> Listed records
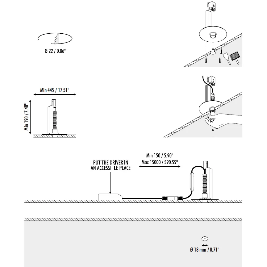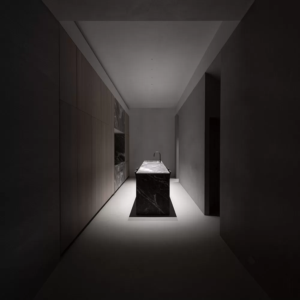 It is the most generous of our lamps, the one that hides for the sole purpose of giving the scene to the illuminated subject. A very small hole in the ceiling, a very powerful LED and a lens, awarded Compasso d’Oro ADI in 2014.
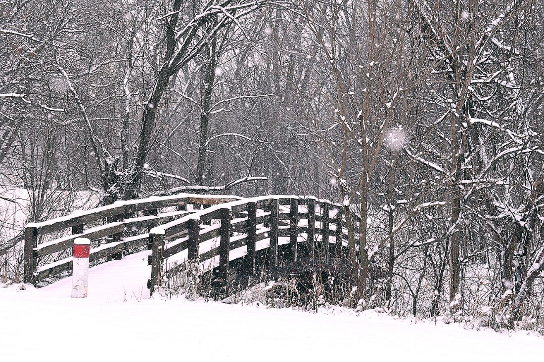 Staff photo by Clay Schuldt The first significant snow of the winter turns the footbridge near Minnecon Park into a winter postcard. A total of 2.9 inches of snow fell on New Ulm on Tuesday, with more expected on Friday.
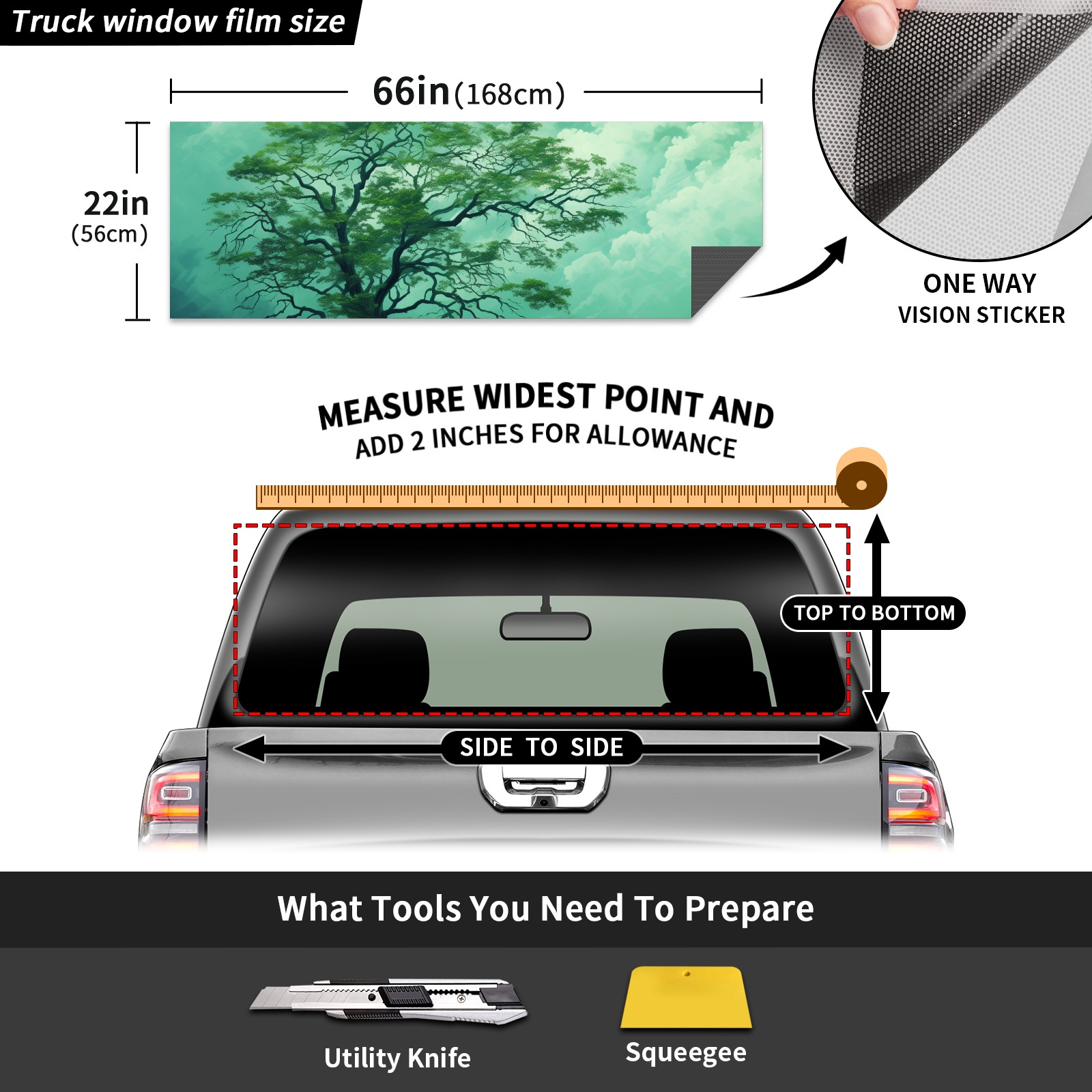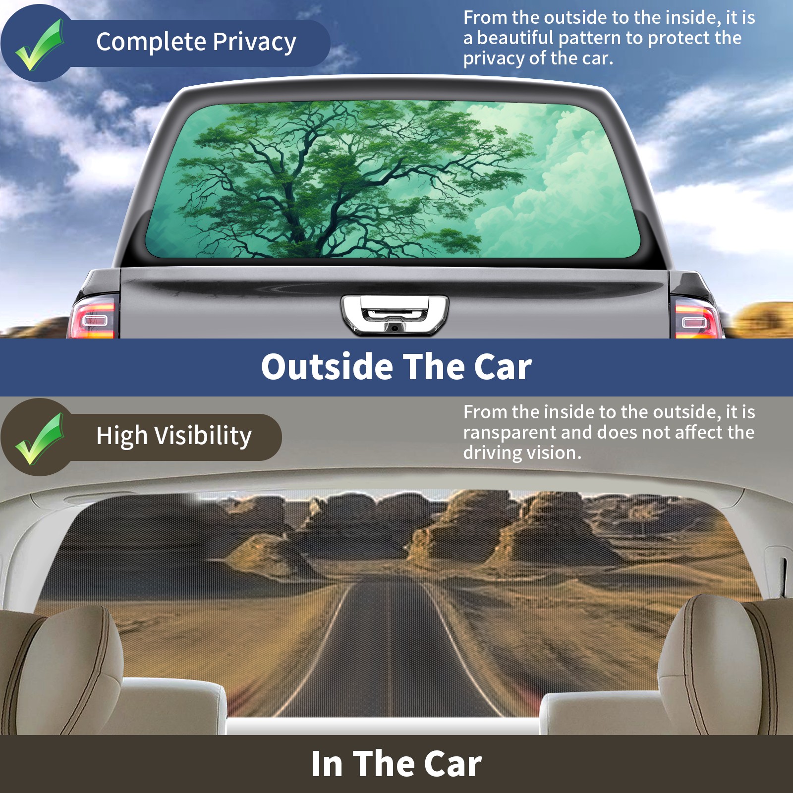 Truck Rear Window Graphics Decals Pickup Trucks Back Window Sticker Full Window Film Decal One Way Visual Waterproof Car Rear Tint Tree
* * *
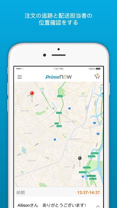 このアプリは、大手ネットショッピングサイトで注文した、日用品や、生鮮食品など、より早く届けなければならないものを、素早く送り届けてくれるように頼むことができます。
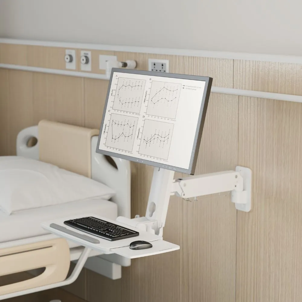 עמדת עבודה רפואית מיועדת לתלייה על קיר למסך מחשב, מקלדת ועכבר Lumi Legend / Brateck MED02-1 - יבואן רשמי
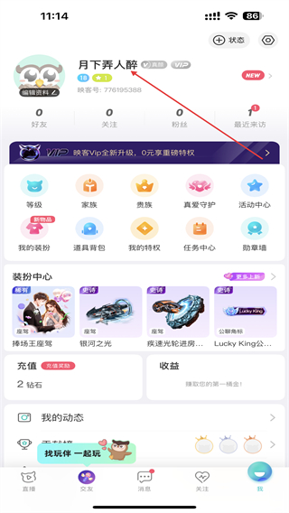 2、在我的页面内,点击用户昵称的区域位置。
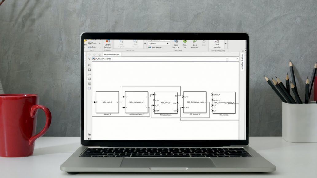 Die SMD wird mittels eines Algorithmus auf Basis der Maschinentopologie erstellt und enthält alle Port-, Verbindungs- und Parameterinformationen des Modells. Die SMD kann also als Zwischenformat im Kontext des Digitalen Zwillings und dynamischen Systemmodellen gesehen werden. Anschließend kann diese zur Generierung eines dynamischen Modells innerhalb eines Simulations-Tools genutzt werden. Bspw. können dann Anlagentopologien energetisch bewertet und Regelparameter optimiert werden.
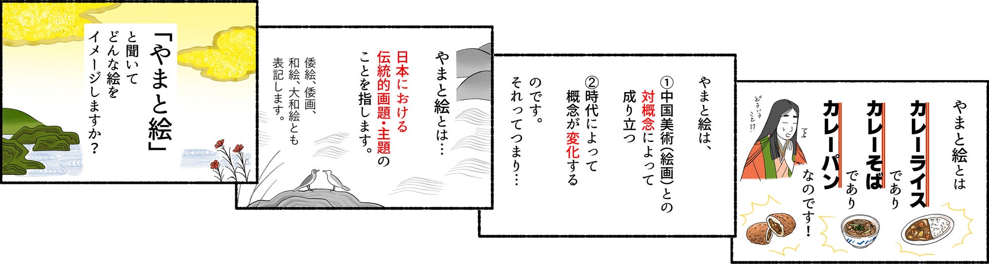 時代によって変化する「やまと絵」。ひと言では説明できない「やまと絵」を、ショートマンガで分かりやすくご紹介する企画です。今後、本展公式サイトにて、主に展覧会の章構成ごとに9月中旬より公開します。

> To do
Nothing but the lines above from the line with "עמדת עבודה רפואית" up to and including the line with "時代によって変化する「やまと" should be returned, exactly as written and without pictures.

> Reply to the task
 עמדת עבודה רפואית מיועדת לתלייה על קיר למסך מחשב, מקלדת ועכבר Lumi Legend / Brateck MED02-1 - יבואן רשמי
 2、在我的页面内,点击用户昵称的区域位置。
 Die SMD wird mittels eines Algorithmus auf Basis der Maschinentopologie erstellt und enthält alle Port-, Verbindungs- und Parameterinformationen des Modells. Die SMD kann also als Zwischenformat im Kontext des Digitalen Zwillings und dynamischen Systemmodellen gesehen werden. Anschließend kann diese zur Generierung eines dynamischen Modells innerhalb eines Simulations-Tools genutzt werden. Bspw. können dann Anlagentopologien energetisch bewertet und Regelparameter optimiert werden.
 時代によって変化する「やまと絵」。ひと言では説明できない「やまと絵」を、ショートマンガで分かりやすくご紹介する企画です。今後、本展公式サイトにて、主に展覧会の章構成ごとに9月中旬より公開します。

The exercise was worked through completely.